22. Attorneys' Fees:
If any legal action or other proceedings are brought between the parties, the successful or prevailing party will be entitled to recover reasonable attorneys' fees and other costs incurred in that action or proceeding, in addition to any other relief to which it may be entitled.
Vendor will not assign any rights or delegate or subcontract any obligations under this Order without G3's prior written consent. G3's consent to any assignment or subcontractor will not relieve Vendor of its responsibility for the performance of any of its obligations hereunder; nor will it constitute G3's consent to further assignment or subcontracting. Further, any action or inaction by any such subcontractor that would constitute a breach or violation of any term of this Order will be deemed a breach thereof by Vendor. If G3 permits subcontracting, Vendor shall inform its subcontractors and suppliers about all of G3's requirements, including all of the requirements of this Order.

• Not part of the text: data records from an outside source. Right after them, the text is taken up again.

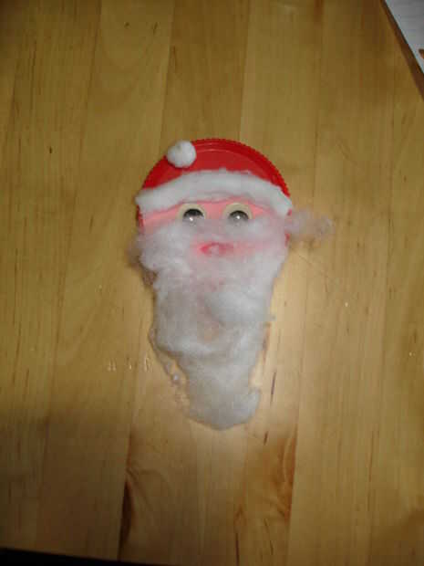 Arrancar un pedazo de forma de la barba de fiberfill. Pegar en la cara de Santa.
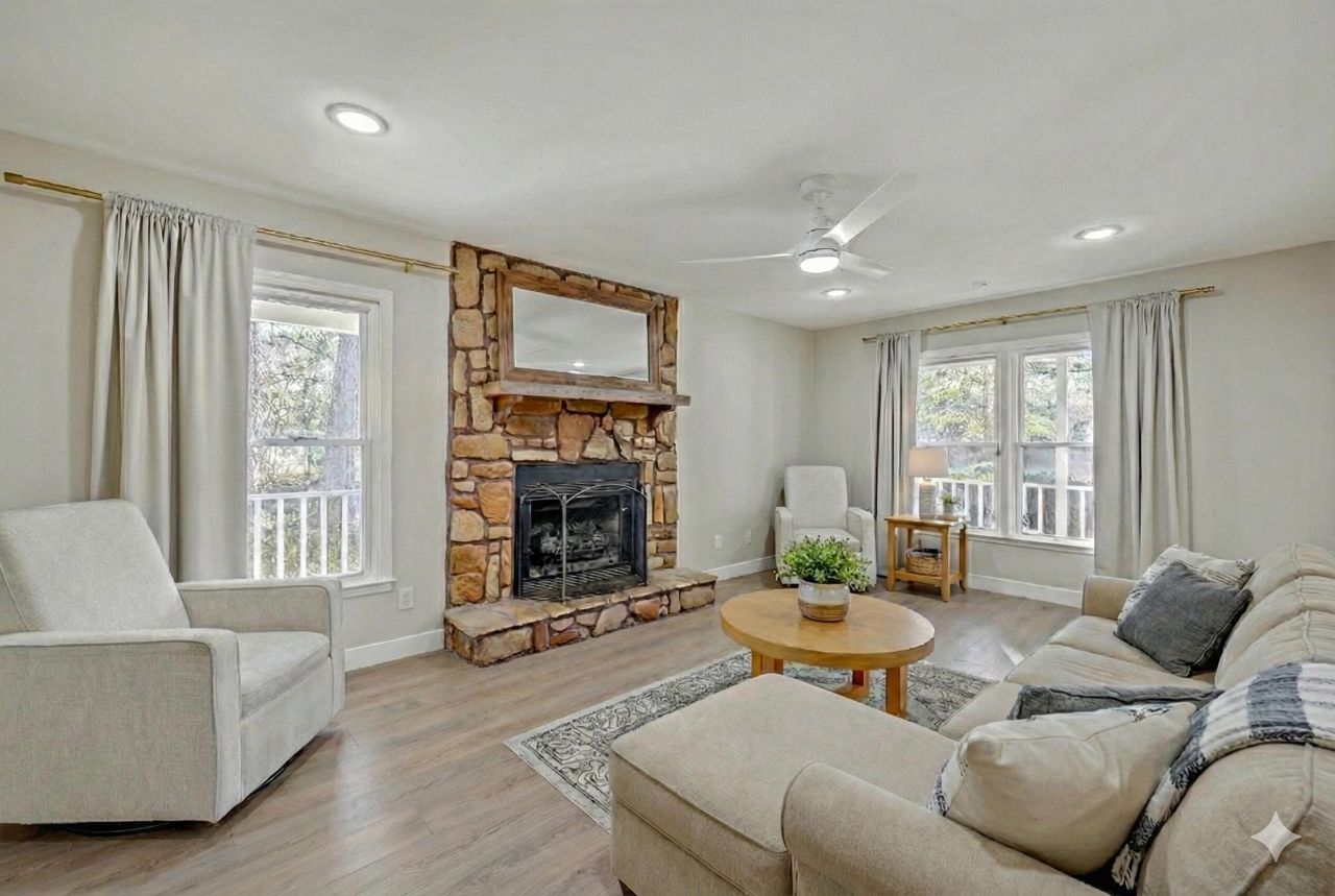 Private equestrian estate on 4 gated acres featuring a beautifully updated home, wraparound porch, stable, and detached garage/workshop. Surrounded by mature trees, this 3-bedroom, 2.5-bath residence offers a main-level primary suite and refined upgrades throughout, including new roof on home and garage, new windows, updated flooring, lighting, and fixtures. The chef-inspired kitchen showcases new cabinetry, countertops, floating shelves, and appliances, while spa-like baths feature new vanities, toilets, and updated showers. Additional highlights include a tankless water heater, generator, and whole-home water filtration. A rare blend of luxury, privacy, and equestrian-ready land. Schedule your tour today!
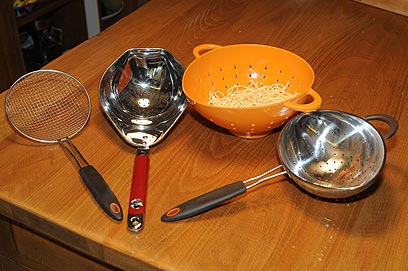 מסננות לפסטה (מימין לשמאל): מריו באטלי (129 ש"ח), קיצ'נאייד (75 ש"ח), מסננת כתומה של מ.ב (109 ש"ח), שולה רביולי של מ.ב. (109 ש"ח)
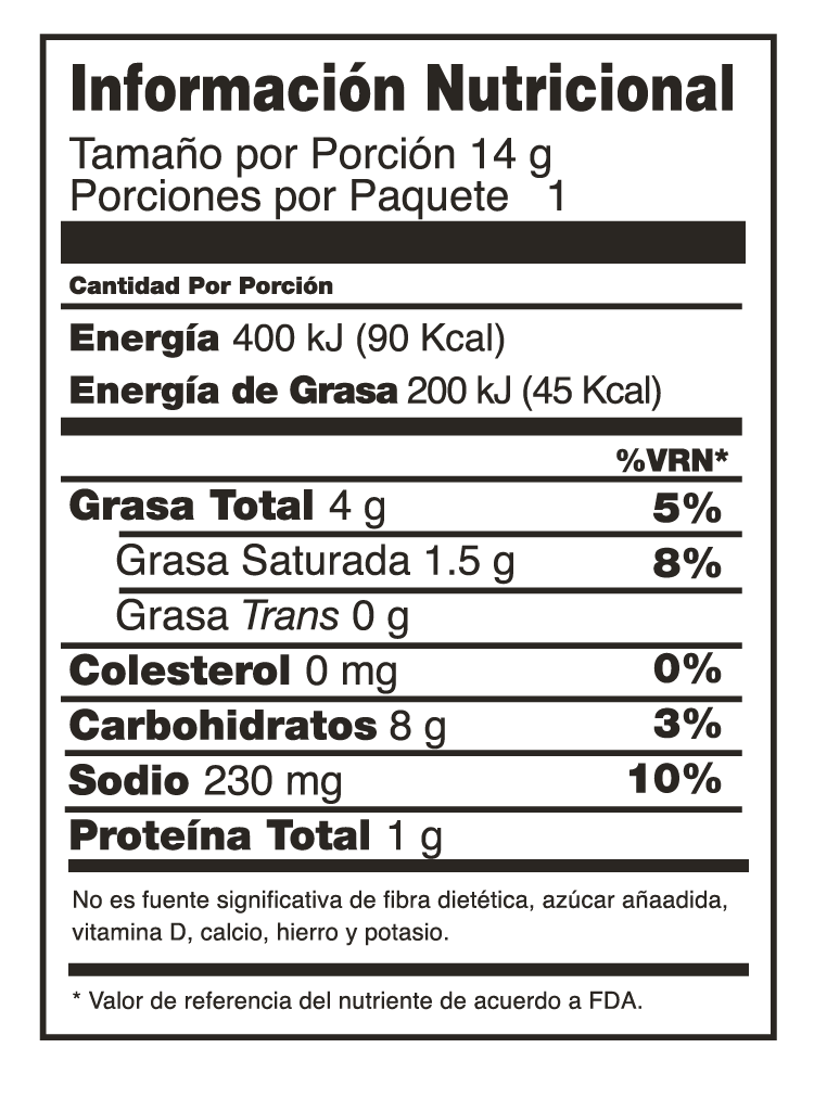 Harina de Trigo, Aceite de Palma, Almidón de Maíz, Sal, Sazonador Queso Chipotle (Maltodextrina, Cloruro de Potasio (estabilizador), Glutamato Monosódico (acentuador del sabor), Ácido Cítrico (regulador de la acidez), Mezcla de Chiles en Polvo, Saborizantes Naturales y Artificiales, Cebolla en Polvo, Suero en Polvo, Dextrosa, Ajo en Polvo, Inosinato Disódico y Guanilato Disódico (acentuadores del aroma), Tartracina, Amarillo Ocaso FCF y Rojo Allura AC (colorantes artificiales)), y TBHQ (antioxidante).
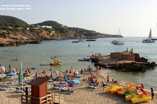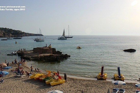 Fondo marino: Alternancia de arena, cantos rodados, rocas y vegetación submarina. Profundidad moderada y suave desnivel. Entorno: Natural; residencial; turístico. Localización: A 7 km de Sant Josep y a 24 km de Eivissa
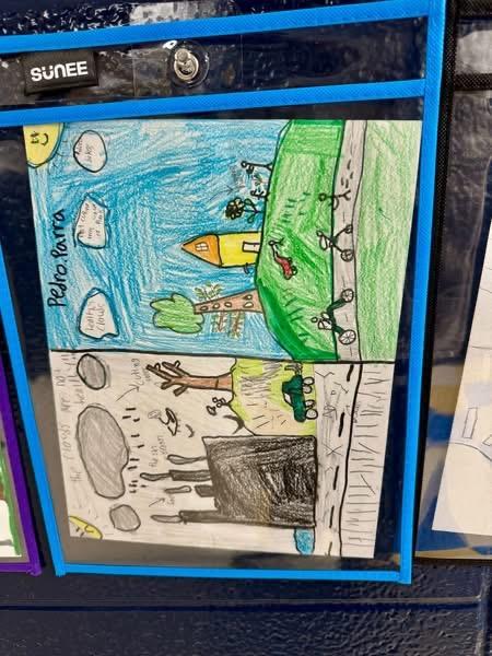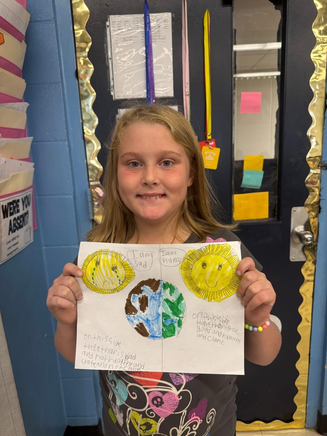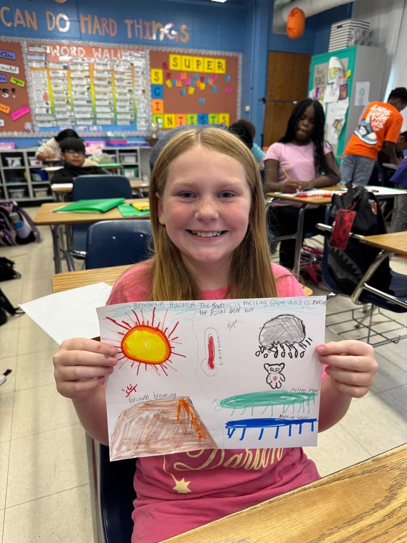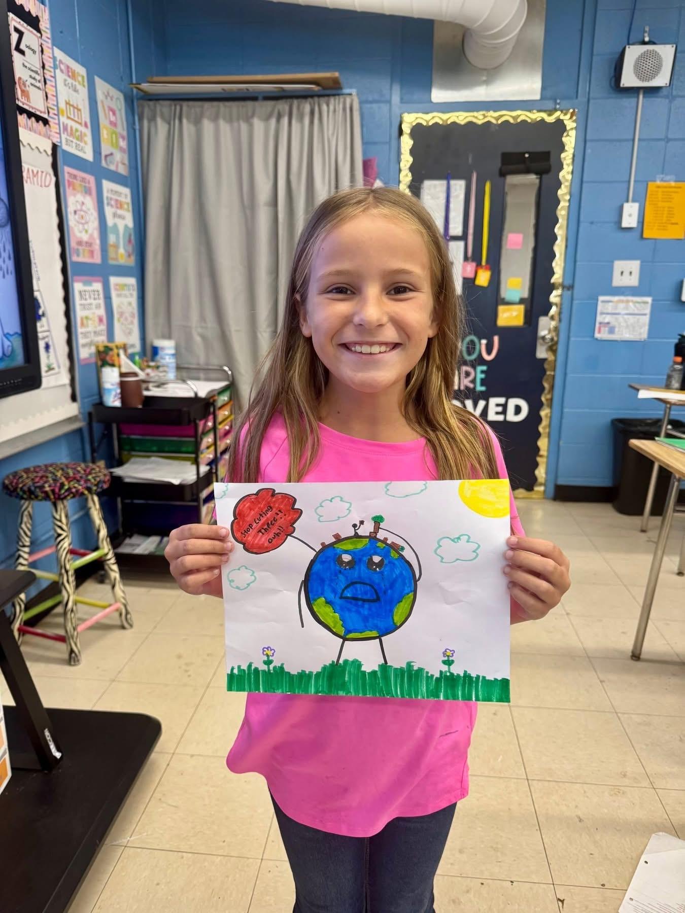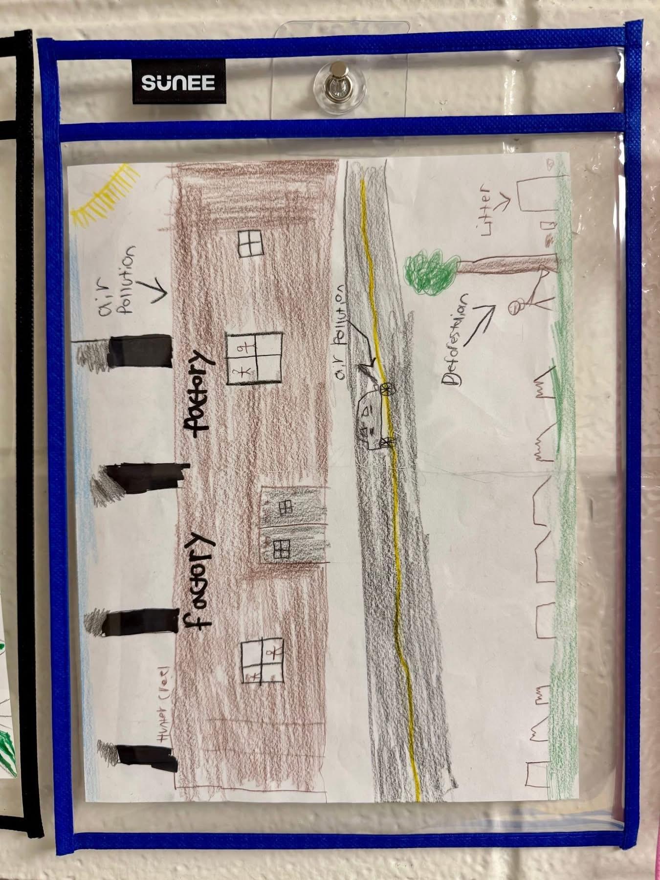 Mrs. Adam’s 5th grade students created cause-and-effect posters to illustrate the impact humans have on our environment, focusing on issues like air pollution, deforestation, and overflowing landfills. They were especially shocked to learn just how much trash landfills hold! The project sparked meaningful discussions about how small changes can add up to big differences in protecting our planet.
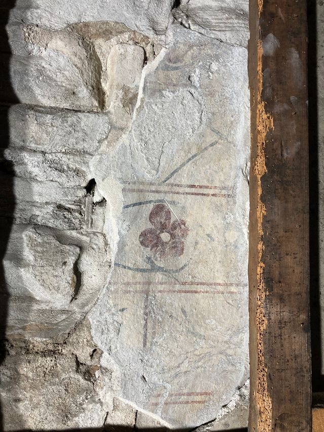Covered by later plasterwork and then 1950s wall panelling, the painting is made up of an outlined masonry pattern with a central flower and stem motif.
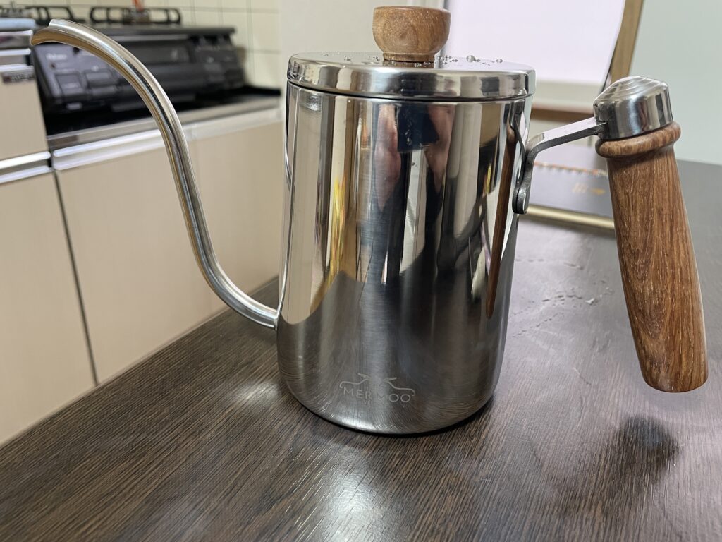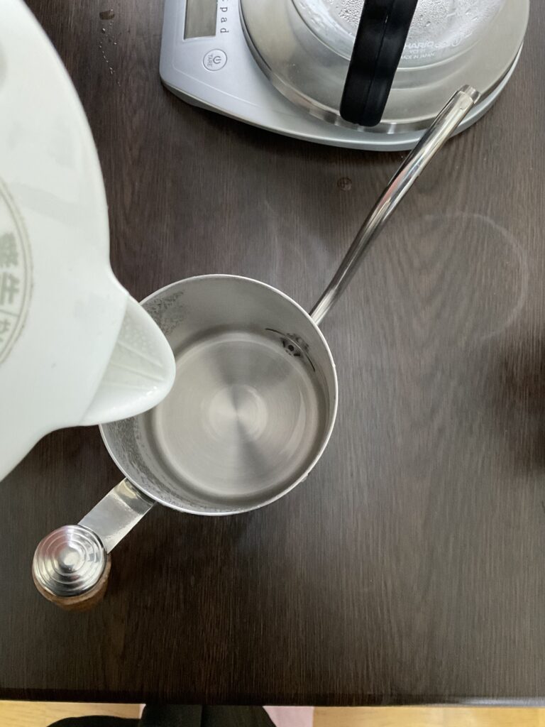 タケシは普段電気ケトルで沸かしてから珈琲ポットに移し替えています。(淹れる直前に移し替えるのが良いと思います。ケトルで先にお湯ができたとして、ケトルなら温め直しが簡単だからです。)
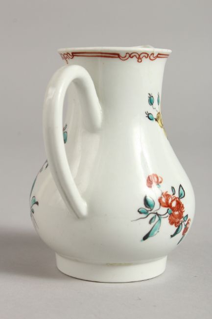AN 18TH CENTURY LIVERPOOL SPARROW BEAK JUG painted with coloured flowers.

a. No additions, deletions, or modifications to this Order shall be effective unless set forth in writing and executed by both parties.
b. G3's failure to enforce any provision of this Order in any instance shall not be deemed a waiver of that provision in that or any other instance.
c. Vendor and its employees are at all times independent contractors and not employees or agents of G3. Nothing contained in this Order shall be construed as creating any agency, partnership, joint venture or other form of joint enterprise, employment or fiduciary relationship between the parties, and neither party shall have authority to contract for or bind the other party in any manner whatsoever. There is no relationship of exclusivity, nor are there any minimum purchase requirements.
d. If any provision contained herein is determined to be unenforceable, all other provisions shall remain in full force and effect and the affected provision shall be construed so as to be enforceable to the maximum extent permitted by applicable law.
e. All claims by Vendor for money due or to become due from G3 shall be subject to deduction or set off by G3 by reason of any claim arising out of this or any other transaction with Vendor.
f. Provisions of this Order which by their nature should apply beyond their terms will remain in force after any termination or expiration of this Order including the following provisions: Warranties, Indemnification, Insurance, Compliance with Laws, Confidentiality, Governing Law and Venue, Attorneys' Fees, and Miscellaneous.